I was never really a fan of the Church. I think that statement says it all. I don’t patronize people/institutions who do not know how to Live (at least in my perception of how living is supposed to be) and more than that I dislike the idea of being told that I am wrong because the Bible said so. Don’t get me wrong, I love the Bible. It’s a piece of literature that actually speaks about the rise and fall of man and what we can learn from it. What I am against is how people use it as an excuse to bully, to make other people feel inferior. More than that, I abhor the fact that they use the Bible to make people feel guilty about something they do not even understand and do it so well!
There was a time in my life when I called myself an Atheist. It’s really ironic because how can one be an Atheist without acknowledging that there is a God. There must be a concept of God first before we can fight the idea that there isn’t. Looking back, maybe I was just mad at what I heard during mass. I felt alienated at my own Church and I’ve always felt that I wasn’t welcome because I am different. People look at you the way they would look at a thief or a murderer and even they deserve to be in the presence of God. Now that I think about it, I didn’t hate God. I hated the people who preached about God because they didn’t know the essence of what God actually wants to tell us.
I’m re-reading Donald Miller’s Blue Like Jazz and I remember him saying that his first image of God the Father was his own father.
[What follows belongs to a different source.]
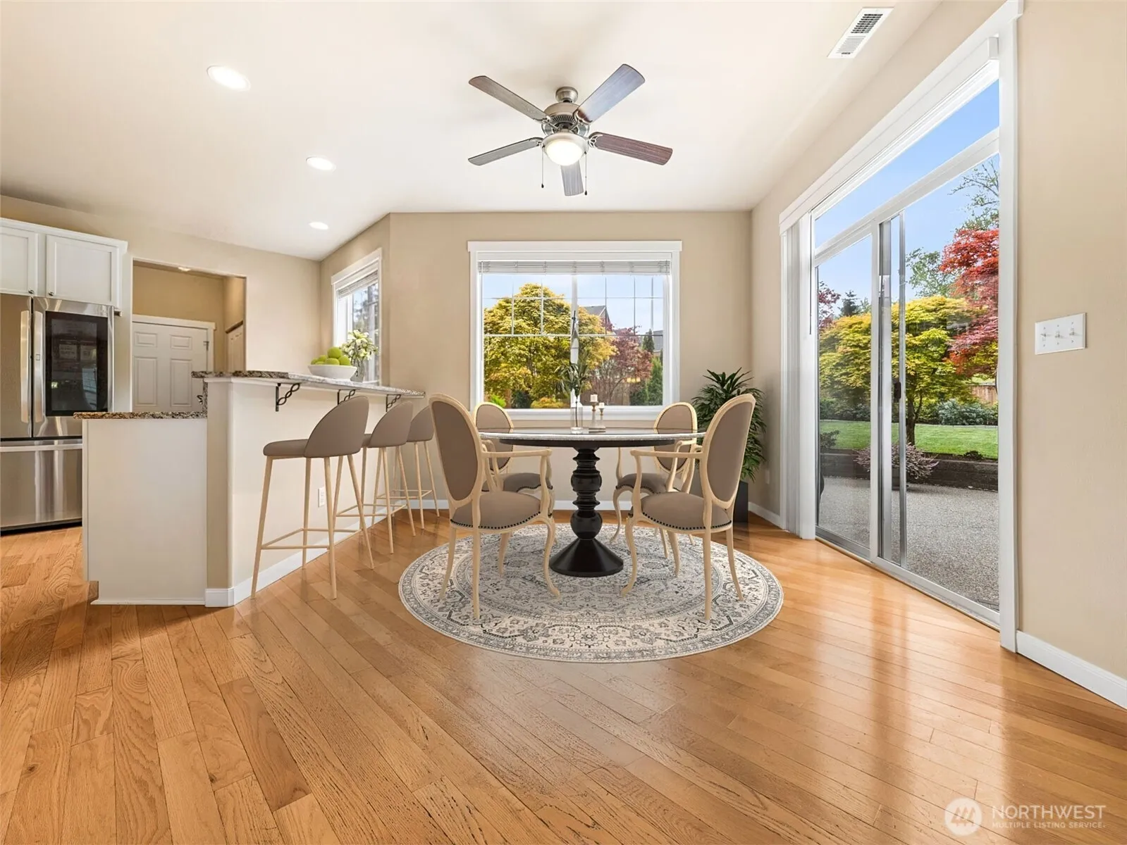Welcome to this beautifully maintained home, proudly owned and cared for by its original owners since built in 2012. Offering over 2,400 sq ft with 3 bedrooms and 2.5 baths, this home combines thoughtful design with everyday comfort. Custom features throughout set this home apart, including an inviting staircase, rich hardwood floors on the main level, and a well-appointed kitchen with granite countertops, 6″ backsplash, and ideal 30″ counter height. A custom mudroom door provides convenient access to the backyard, enhancing both function and flow. Step outside to a beautifully landscaped yard designed for peace and privacy, complete with a sprinkler system in both the front and back creating a serene setting that naturally attracts birds and wildlife. Recent updates including newer appliances, water heater, and A/C add comfort and peace of mind. Located with easy access to commuting options, including Federal Way’s recently expanded light rail offering service north through Seattle to Lynnwood, making travel throughout the region more convenient than ever. A rare opportunity to own a home where quality, care, and thoughtful upgrades truly shine!

And that if God was in fact the same as his father, then God would be drinking beer all night only to leave them the next day without saying a word. I guess just like Donald, we all had our fair share of God’s images. Because in truth, who has seen God in flesh?
This is why I have come to this personal belief of mine: God is in all things good.
When I look at my Daddy and think back on everything that he has done not just for our family but for other people as well, I see goodness. I see God. I see a father, a loving father. People always ask me why I believe in goodness and my answer (always my answer) is because I have experienced it. I have experienced acts of kindness and I loved it so much. I felt loved without judgment and it’s the greatest feeling in the world.
Today, I attended Bo Sanchez’s The Feast for the first time. My Kuya invited me because he knows that I have been trying to regain my spirituality. Admittedly, I was scared because I had this image inside my head that people would know that it’s my first time to attend and it would manifest based on how I act and react. When we got there I didn’t really have the time to think so I just ‘jumped’ in and enjoyed the feast.
There are two reasons why I enjoyed the Feast:
1.) The mass’ message was direct to the point.
2.) Bo Sanchez interpreted and dissected the Bible’s content and turned it into practical knowledge. Something you can apply in your everyday life.
What did I learn today then?
Here’s the no bullshit stuff and more:
1.) Choose to be good. Choose joy. Your happiness depends on you. We always have a choice! So make intelligent choices.
2.) Passion + Potential + Purpose = your formula to a successful and happy LIFE🙂
Acknowledge your strength and be the best at it. Be a Superstar. Concentrate on what you are good at and never stop aiming for your goal.
Great Sunday. Next week I am hoping to learn more from the Feast.
Cheers to a deeper sense of spirituality and to believing in goodness.